As others have pointed out, lighter climbers will decelarate more rapidly and so experience a higher g force, though being of a very short duration the importance of the g force is debatable.
Robert Durran's example above gives a g force of 7 but this would appear to be well within human tolerance for the fraction of a second it is experienced.
This suggests flopping down into a chair generates over 10g
http://www.iaapa.org/safety-and-advocacy/safety/amusement-ride-safety/g-for...
Fighter pilots wear pressurised suits to cope with g's of 8 or 9 but those forces act for a long time and would cause them to black out otherwise.
For very short durations, huge g forces can be survived
from this
http://www.medicaldaily.com/breaking-point-whats-strongest-g-force-humans-c...
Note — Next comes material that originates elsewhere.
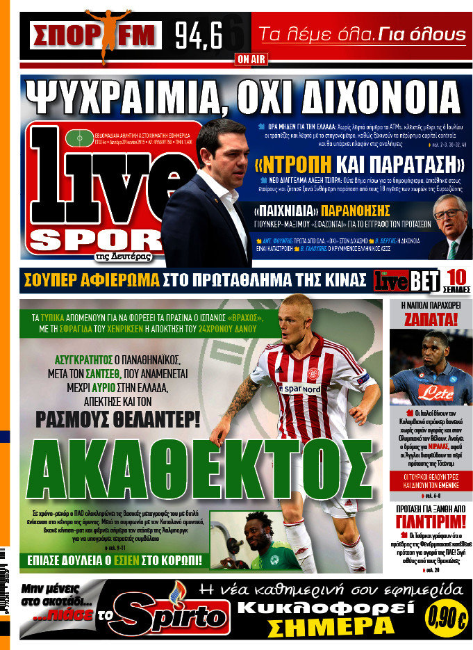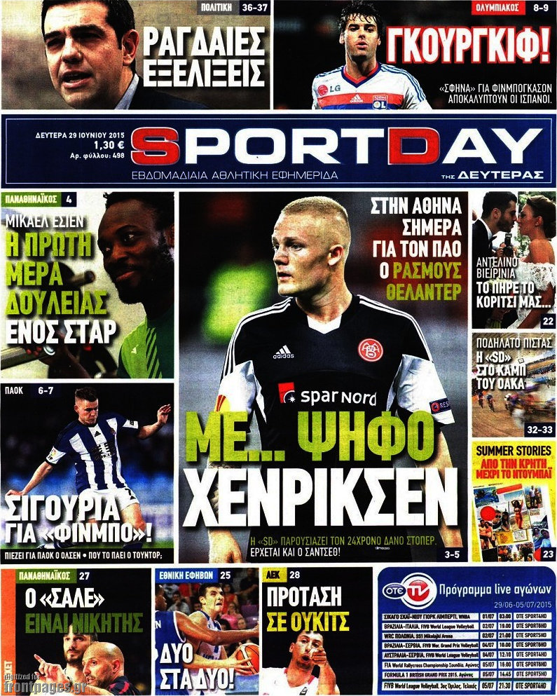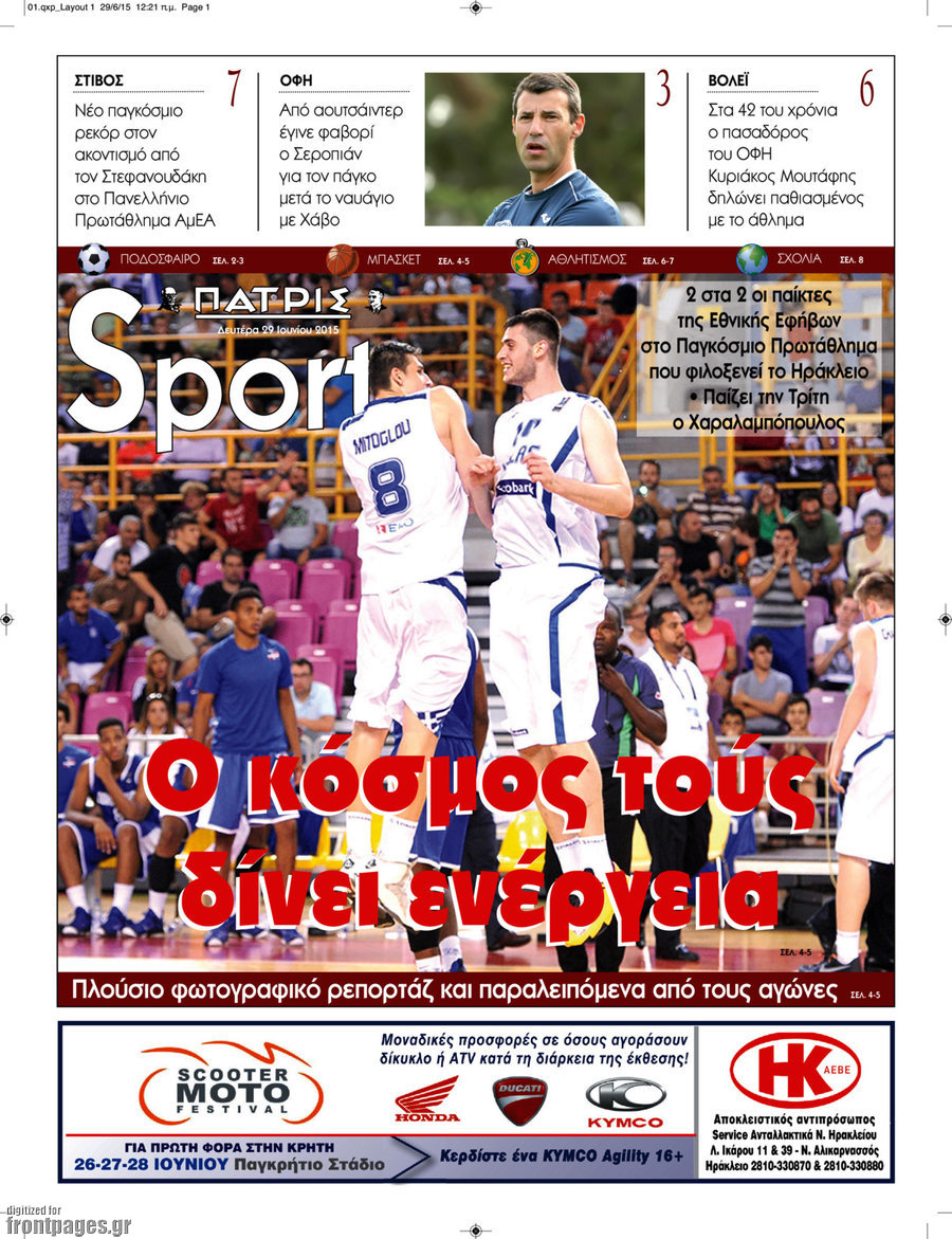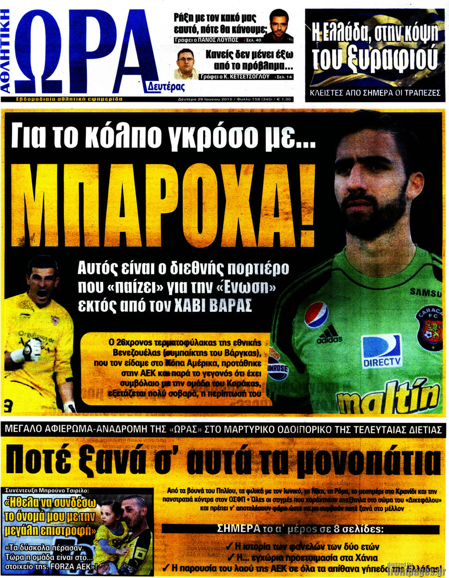 Οι αθλητικές εφημερίδες 29/6/2015 Enikos Newsroom 08:35, Δευτέρα 29 Ιουνίου 2015 Media Διαβάστε τα σημερινά πρωτοσέλιδα των αθλητικών εφημερίδων: ΑΘΛΗΤΙΚΕΣ ΕΦΗΜΕΡΙΔΕΣ ΠΡΩΤΟΣΕΛΙΔΑ Μοιράσου το: σχολίασε κι εσύ (0 σχόλια) Ακολουθήστε το enikos.gr στο Google News και μάθετε πρώτοι όλες τις ειδήσεις Δείτε όλες τις τελευταίες ειδήσεις από την Ελλάδα και τον Κόσμο στο enikos.gr Ειδήσεις Ροή Ειδήσεων 4 ώρες πριν Χριστούγεννα στα μπλόκα: Επιμένουν στις κινητοποιήσεις τους οι αγρότες – Ανοίγουν τα διόδια το Σαββατοκύριακο 5 ώρες πριν Ουκρανία: Η άνευ προηγουμένου επίθεση σε ρωσικό τάνκερ στη Μεσόγειο και το μήνυμα προς στον Πούτιν – Το «μακρύ χέρι» του Κιέβου 4 ώρες πριν Πούτιν: Τα μηνύματα σε Ευρώπη και ΝΑΤΟ από το μαραθώνιο «σόου» του – Η απαίτηση για «σεβασμό» και η ειρήνη «με τους όρους» της Μόσχας 5 ώρες πριν Τραμπ: Δεν αποκλείει την πιθανότητα ενός πολέμου στη Βενεζουέλα – «Ο Μαδούρο ξέρει καλύτερα από τον καθένα τι ακριβώς θέλω» 5 ώρες πριν Συνεχίζει να προκαλεί ο Μίτσκοσκι: «Για μένα το όνομα Μακεδονία είναι ιερό» 4 ώρες πριν Ανακαλύφθηκαν αρχαία χρυσά νομίσματα 2.200 ετών που απεικονίζουν τον θεό Απόλλωνα – Η άγνωστη σύνδεση με τον Φίλιππο Β΄ της Μακεδονίας 5 ώρες πριν Ύπνος: Μια κρυφή κατάσταση του εγκεφάλου πριν από τον ύπνο μπορεί να είναι το “κλειδί” για υψηλή ευφυΐα και δημιουργικότητα 6 ώρες πριν Αριθμολογία: Οι άνθρωποι που έχουν γεννηθεί αυτές τις 4 ημερομηνίες, συχνά παρεξηγούνται – «Η καλοσύνη τους κρύβει τεράστια δύναμη» 7 ώρες πριν Ξεχάστε το καθάρισμα το Σαββατοκύριακο: Ο «κανόνας των 20 λεπτών» που θα σας λύσει τα χέρια 13 λεπτά πριν Θεσσαλονίκη: Εξαφανίστηκε 13χρονος από χώρο φιλοξενίας ασυνόδευτων ανηλίκων στο Ωραιόκαστρο 24 λεπτά πριν Ντόναλντ Τραμπ: «Πολύ βαριά αντίποινα» στη Συρία – «Πλήττουμε πολύ δυνατά οχυρά του Ισλαμικού Κράτους» 38 λεπτά πριν Εξάρχεια: Ένταση με μολότοφ, χημικά και κρότου λάμψης 54 λεπτά πριν ΗΠΑ: Τραγωδία στην Αλαμπάμα – Σκότωσε την δημοσιογράφο σύζυγό του και αυτοκτόνησε μπροστά στον 3χρονο γιο τους 1 ώρα πριν Πρόταση γάμου στο ΣΕΦ κατά την διάρκεια του αγώνα Ολυμπιακός-Βιλερμπάν – Δείτε βίντεο ENIKOS NETWORK Το ΕΚΑΒ τιμήθηκε από την Ακαδημία Αθηνών για τα 40 χρόνια προσφοράς του Έχετε πραγματικά μεγάλη καρδιά; 10 χαρακτηριστικά όσων έχουν καλοσύνη Αναστολή μέτρων αναγκαστικής εκτέλεσης για κτηνοτρόφους που πλήττονται από την ευλογιά των αιγοπροβάτων Πλήρης επάρκεια προϊόντων στις λαϊκές της Αττικής, παρά τις αγροτικές κινητοποιήσεις – Τι απαντούν οι πωλητές Χαρτογραφώντας το «σημείο χωρίς επιστροφή»: Για πρώτη φορά αποκαλύπτεται με λεπτομέρεια το ακανθώδες όριο της ατμόσφαιρας τ... Η Google καταργεί τη λειτουργία «dark web report» – Πώς θα μπορούν οι χρήστες να διαγράφουν τα δεδομένα τους περισσότερα 22:42 , Παρασκευή 19 Δεκεμβρίου 2025 Γιώργος Γιαννόπουλος για “Το σόι σου”: “Είναι ευτυχία και ευλογία αυτή η σειρά” «Είναι ευτυχία και ευλογία η συγκυρία αυτής της σειράς», θα πει ο Γιώργος Γιαννόπουλος -ο αγαπ... 20:37 , Παρασκευή 19 Δεκεμβρίου 2025 Don’t Forget The Lyrics: Η Έλλη Κοκκίνου υποδέχεται 4 παίκτες που θα κάνουν τα πάντα για να μη χάσουν ούτε… μισή λέξη από τους στίχους Το «Don’t Forget The Lyrics» επιστρέφει απόψε, Παρασκευή 19 Δεκεμβρίου, στις 21:00 με νέο επει... 19:31 , Παρασκευή 19 Δεκεμβρίου 2025 GNTM: Απόψε ο μεγάλος τελικός για τους 4 φιναλίστ Έπειτα από μήνες γεμάτους μόδα, δημιουργία και έντονες αναμετρήσεις, το GNTM 2025 κορυφώνεται,... 18:11 , Παρασκευή 19 Δεκεμβρίου 2025 Το

"It’s difficult to calculate the exact level of G-force that would kill a human, because the duration of exposure is such an important factor. There are isolated incidents of humans surviving abnormally high G-forces, most notably the Air Force officer John Stapp, who demonstrated a human can withstand 46.2 G’s. The experiment only went on a few seconds, but for an instant, his body had weighed over 7,700 pounds"
I don't know how valid comparisons of via ferrata lanyards and climbing ropes are, they function in very different ways. A climbing rope approximates to an elastic substance hence my reference to Hookes Law (though probably not exactly because of the differential stretch of core and sheath) whilst a VF lanyard absorbs energy by a series of non elastic stitching failures.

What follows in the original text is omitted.